Return State and Return Sequence of LSTM in Keras
LSTM looks easy but is too difficult for us to keep an eye on it.
Using LSTM in keras is easy, I mean:
LSTM(input_dim,return_sequence=False,return_state=False).
This medium post will be about return_sequence and return_state only as that is what brings confusion to you.
How does LSTM looks like?
return_sequence=True:
You know LSTM(dim_number)(input) gives us? It gives us the final hidden state value(ht in above figure) from LSTM. So, if we have dim_number as 40 suppose, LSTM will be 40 in number right? So, the first input maybe x, and it may give output as y0. y0 would be input for next LSTM layer and so on. Continuing this way, it would go for y39. So, without return_sequence the output would be y39th value.

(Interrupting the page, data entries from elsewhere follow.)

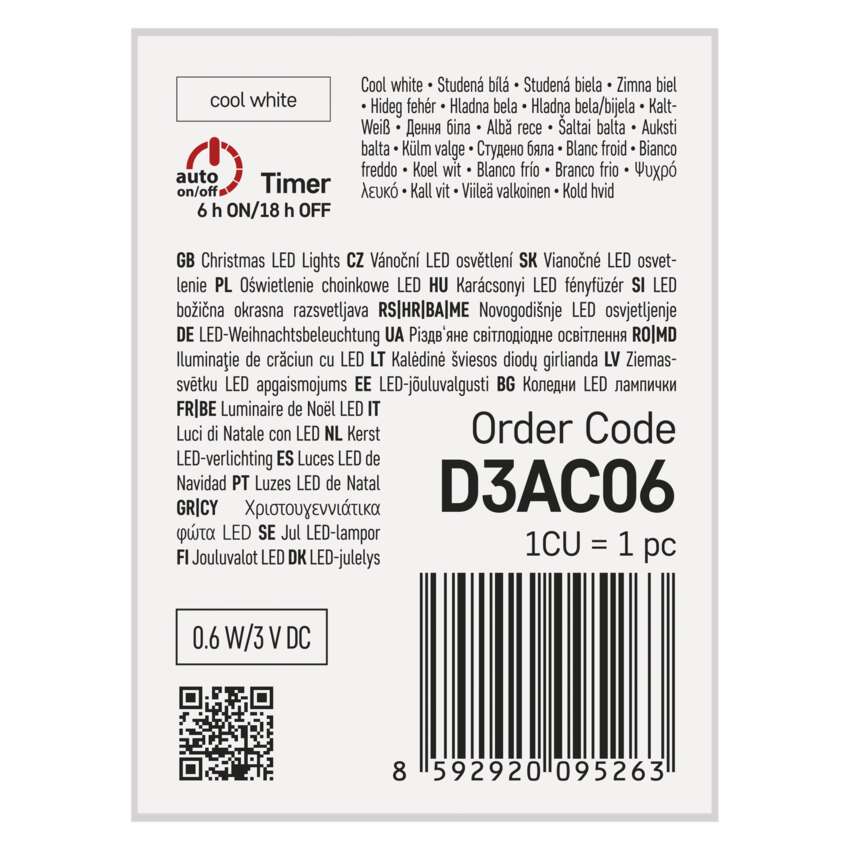 Um nicht nur den Weihnachtsbaum zu beleuchten, bieten wir unter der Marke EMOS eine Vielzahl von LED-Ketten an, die sich durch geringen Stromverbrauch und lange Lebensdauer auszeichnen. Sie haben die Wahl zwischen reinen Innenleuchten (IP20), reinen Außenleuchten (IP44) oder batteriebetriebenen Strings, die sich ideal für die Dekoration von Bereichen ohne Zugang zu einer Steckdose eignen. Es sind vier verschiedene LED-Lichterketten erhältlich, die sich in Größe und Form der LEDs unterscheiden - NANO - CLASSIC - CHERRY - TRADITIONAL. Entscheidende Kriterien für die Wahl der richtigen Kette sind ihre Länge, die Anzahl der LEDs und die Farbe des Lichts.
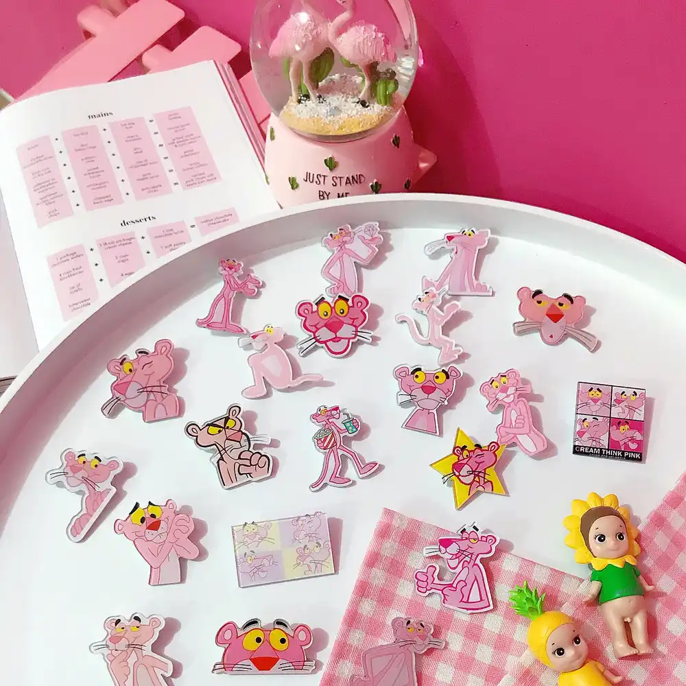 1 Uds Lindo Dibujos Animados Kawaii Pantera Rosa Insignias
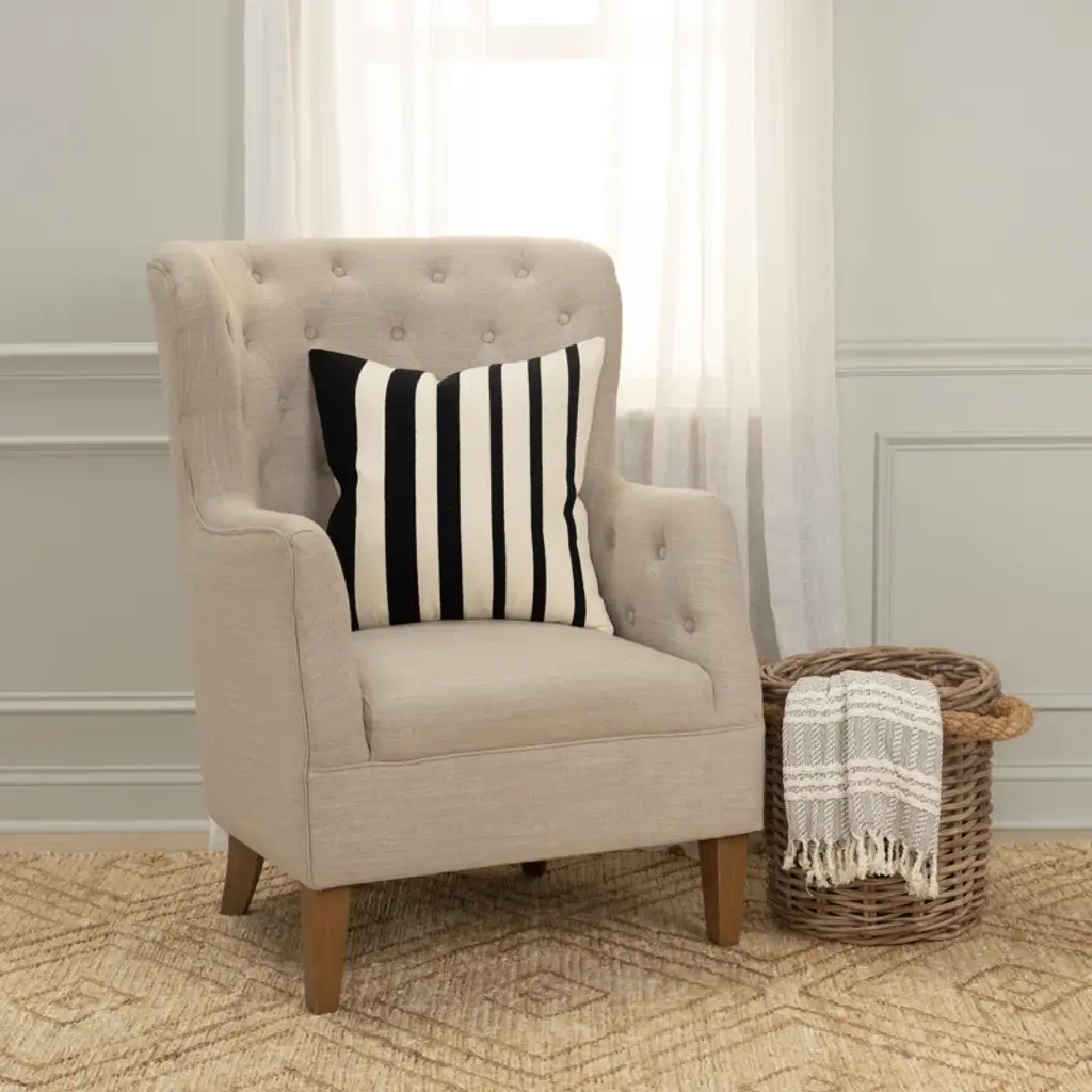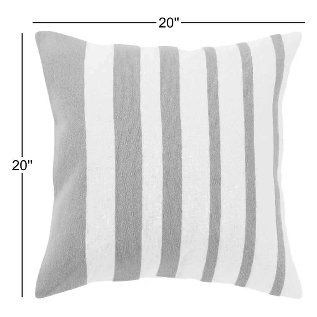 This 100% cotton pillow features an asymmetrical stripe patterning. The stripes are developed using total coverage embroidery. The colors are saturated and fresh. This pillow would be a wonderful addition to all decors that need a strong linear element. The color pairings are strong and this pillow can be used as a stand-alone item or is a delightful coordinate for layering or coordinating across a living space. The back of this pillow is a solid matching back with a hidden zipper closure for ease of fill.

What if we have return_sequence = True? LSTM(dim_number,return_sequence = True)(input).
It would give us every y0,y1,y2 to y39. So hidden state value from each timestep.
return_state= True
So what is return_state? This LSTM(dim_number,return_state = True)(input). It returns 3 values.
First is final hidden_state, yes, remember the y39 value? It is what would be the first value returned by LSTM with return_state of True
Second is final hidden_state. Oh hold on, isn’t this same as the first thing returned? Yes it is. I will tell you the difference right afterwards!
Third value returned is cell_state. You see in the figure above we have c(t-1) to c(t) running across one end to another, it is cell_state. So, the cell_state after processing the final output is returned here.
The question of why there are two hidden state values is return_state? Well, what if we want all the hidden_state values and and also the cell_state(the third value returned by lstm with return_state=True)?
We can return the list of hidden_states, the final_hidden state and cell_state by doing something like this.
LSTM(dim_number,return_state = True,return_sequence=True)(input).
So the first value here returns hidden_state and each time step.
Second value returned is hidden_state at final time_step. So it is equal to final value of array of values received from first value.
Third value is cell_state as usual.